Wide striping means that there will be multiple LUNs that
are effected by a drive failure. The data
in their micro-RAID arrays on will also be remapped to other micro-RAID arrays in the
system, but here is the important point – they are remapped to a different
set of drives - spreading and balancing the load from the failed drive throughout
the system, as opposed to traditional sparing which increases the load on the other drives in the array group
where the failure occurred.
Wide striping and micro-sparing means that rebuilds are completed relatively quickly because of the massive parallelism involved that resists internal bottlenecks. Other than the replacement drive which has to get “caught up”, wide striping limits the load on the rest of the drives in the system.
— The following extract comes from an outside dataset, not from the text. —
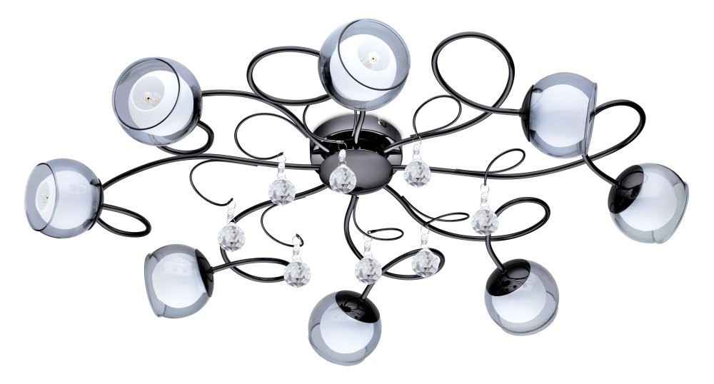 Люстра. Размеры: 16 / 85 см. Лампы: 8шт x 2,5Вт (G9). 1600лм. 3000K. Плафон: Стекло (glass) / Черно-прозрачный, белый (black-transparent, white). Основание: Сталь (steel) / Черный никель (nickel nero). Подвески: Стекло / Прозрачный. Влагозащита: IP20. Лампа в комплекте: Светодиодная. Питание от сети 220в.

This is in contrast to traditional RAID where duty cycles increase significantly across all member drives of the array group.
Depending on one's perspective, micro-sparing either conserves spindles or has no spindle penalty related to spares. Micro-sparing is designed to protect lost capacity instead of lost devices. For instance, the default overhead reserved for micro-sparing in an InServ system is 2.5% , which equates to the capacity of one spare drive for every forty drives. All spindles in a micro-sparing system are available to deliver IOs, in contrast to traditional RAID sparing where spare drives do not provide any work whatsoever.
As a customer looking to maximize the active spindle per dollar, chunklets (or whatever other companies want to call them) seem to be the way to go. Low overhead massively distributed parity with no idle spindles. How can that not be good?
Posted by: Chris Fricke | October 24, 2008 at 11:22 AM
There is a case where you don't want this; that is when you are doing some kind of disk based archiving and you want disks to power down. Well, that's my gut feel anyway.
Marc, any thoughts on whether MAID can work with your type of architecture; gut feel is that it doesn't and you'd end up with all your disks spinning all the time.
Posted by: Martin G | October 24, 2008 at 11:43 AM
Martin,
My guess is you are correct. Our current products don't support MAID and I would guess that future versions won't either.
But, I don't think it's an architectural limitation because it should be possible to define an off-line device class for moving old and ignored data where the drives could be spun down. Spun down drives wouldn't be able to interoperate in micro-RAID groups with everyday production drives. I don't know if this interoperability boundary would exceed architectural capabilities.
Regardless, balancing system resources and making code changes for this would be interesting to say the least.
Posted by: marc farley | October 24, 2008 at 12:10 PM
most storage virtualizations do this; its called datapages. Nothing new here.
Posted by: boy wonder | October 27, 2008 at 05:33 PM
Boy Wonder, do what? Try to be a little clearer please.
Posted by: marc farley | October 27, 2008 at 05:38 PM